▸ ACTION ITEM: Where the line with "Hot young blonde" appears below, start writing out lines exactly, and finish with the line with "Style and function", which is included; write out nothing else.

▸ INFORMATION:
========================================

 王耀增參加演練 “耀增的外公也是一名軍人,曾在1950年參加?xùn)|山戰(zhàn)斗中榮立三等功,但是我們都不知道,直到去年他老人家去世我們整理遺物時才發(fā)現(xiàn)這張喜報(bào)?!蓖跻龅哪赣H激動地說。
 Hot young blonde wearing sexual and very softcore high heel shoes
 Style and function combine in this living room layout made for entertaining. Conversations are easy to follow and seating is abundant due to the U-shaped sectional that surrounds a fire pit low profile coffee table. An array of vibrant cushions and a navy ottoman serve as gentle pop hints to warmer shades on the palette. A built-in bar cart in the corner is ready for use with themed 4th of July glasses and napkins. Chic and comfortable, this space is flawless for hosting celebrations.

========================================

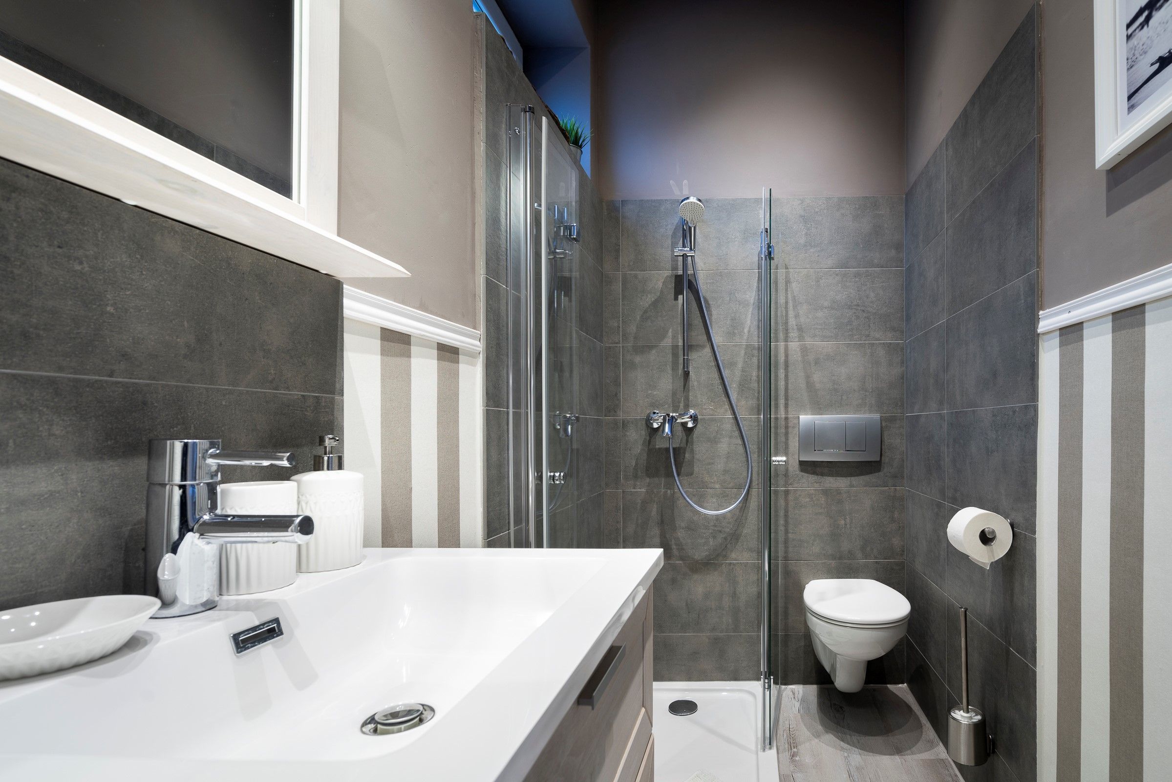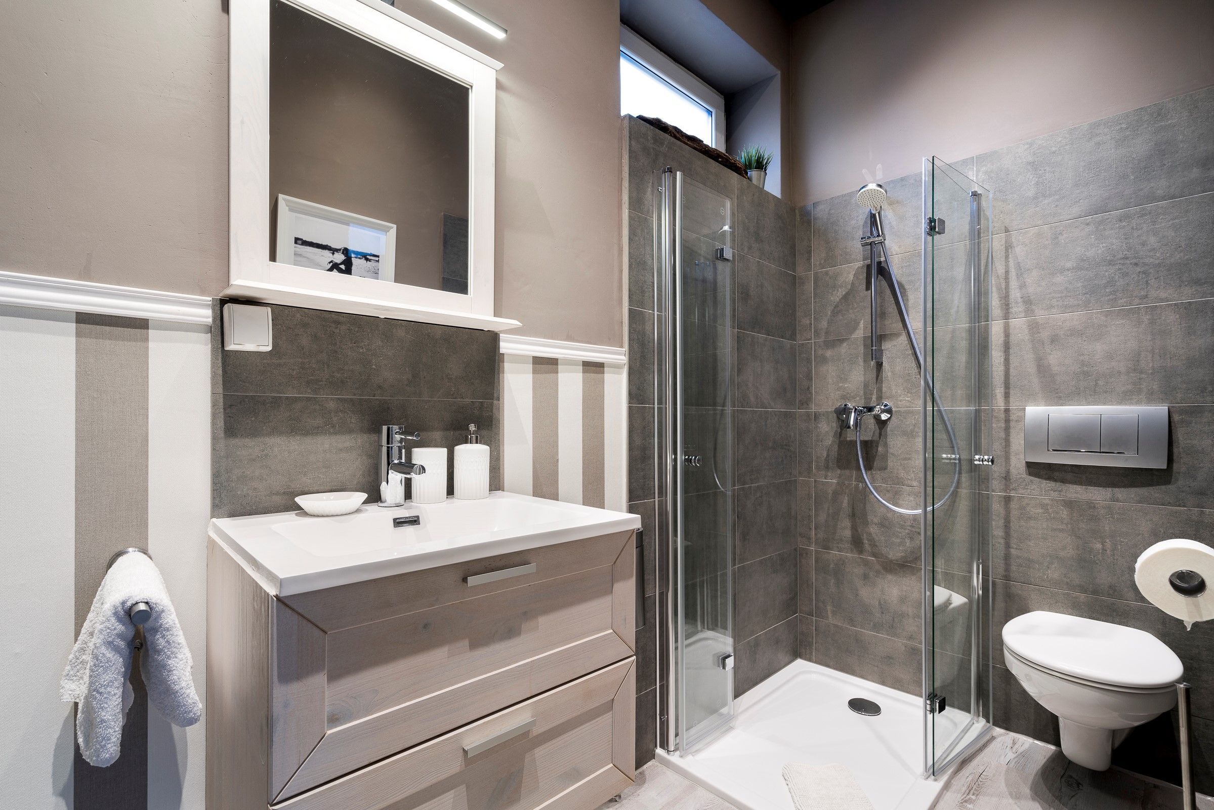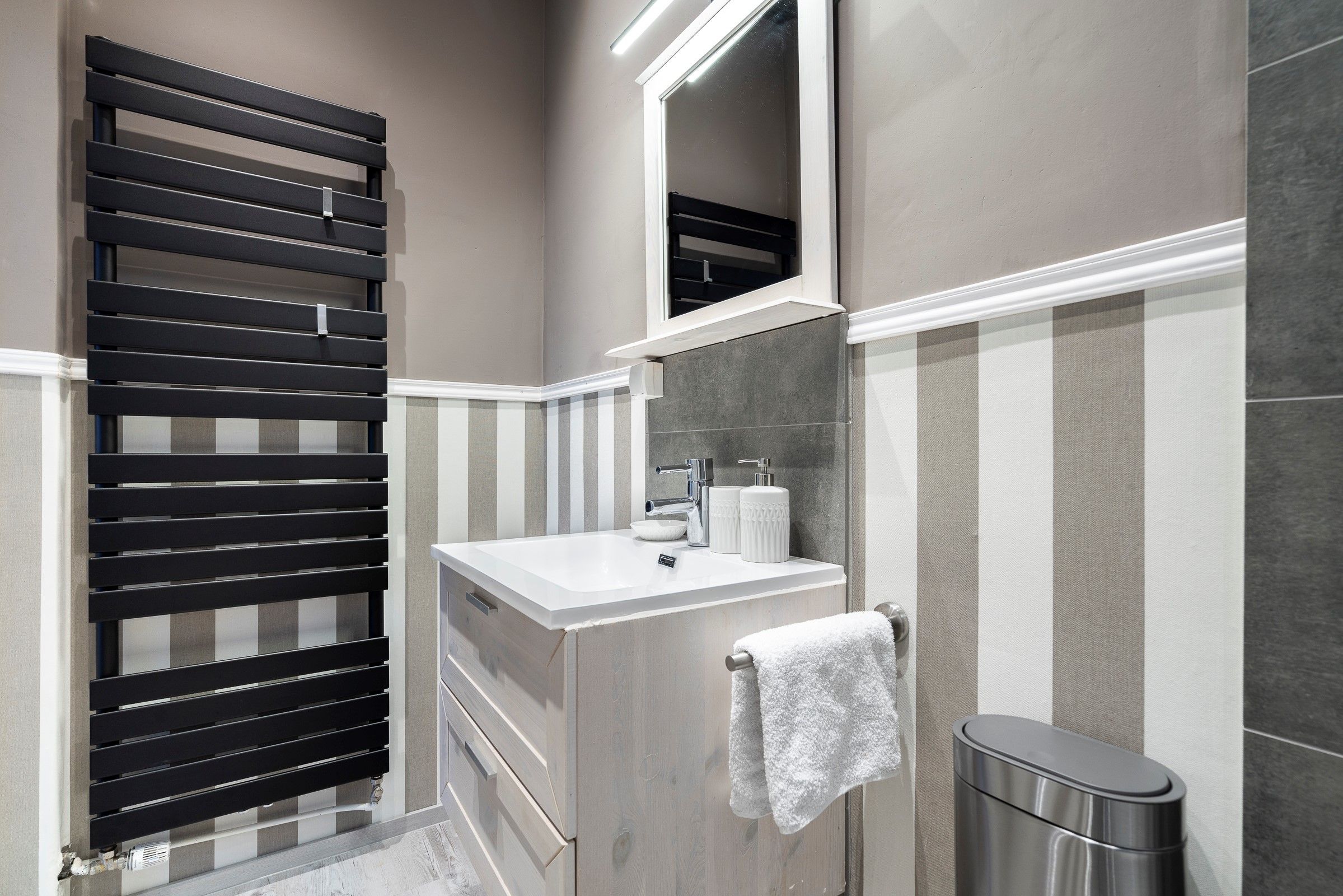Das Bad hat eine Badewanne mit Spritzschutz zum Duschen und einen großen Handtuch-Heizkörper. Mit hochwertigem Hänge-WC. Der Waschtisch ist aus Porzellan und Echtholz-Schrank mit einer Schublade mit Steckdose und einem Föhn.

========================================

▸ OUTPUT OF THE TASK:
 Hot young blonde wearing sexual and very softcore high heel shoes
 Style and function combine in this living room layout made for entertaining. Conversations are easy to follow and seating is abundant due to the U-shaped sectional that surrounds a fire pit low profile coffee table. An array of vibrant cushions and a navy ottoman serve as gentle pop hints to warmer shades on the palette. A built-in bar cart in the corner is ready for use with themed 4th of July glasses and napkins. Chic and comfortable, this space is flawless for hosting celebrations.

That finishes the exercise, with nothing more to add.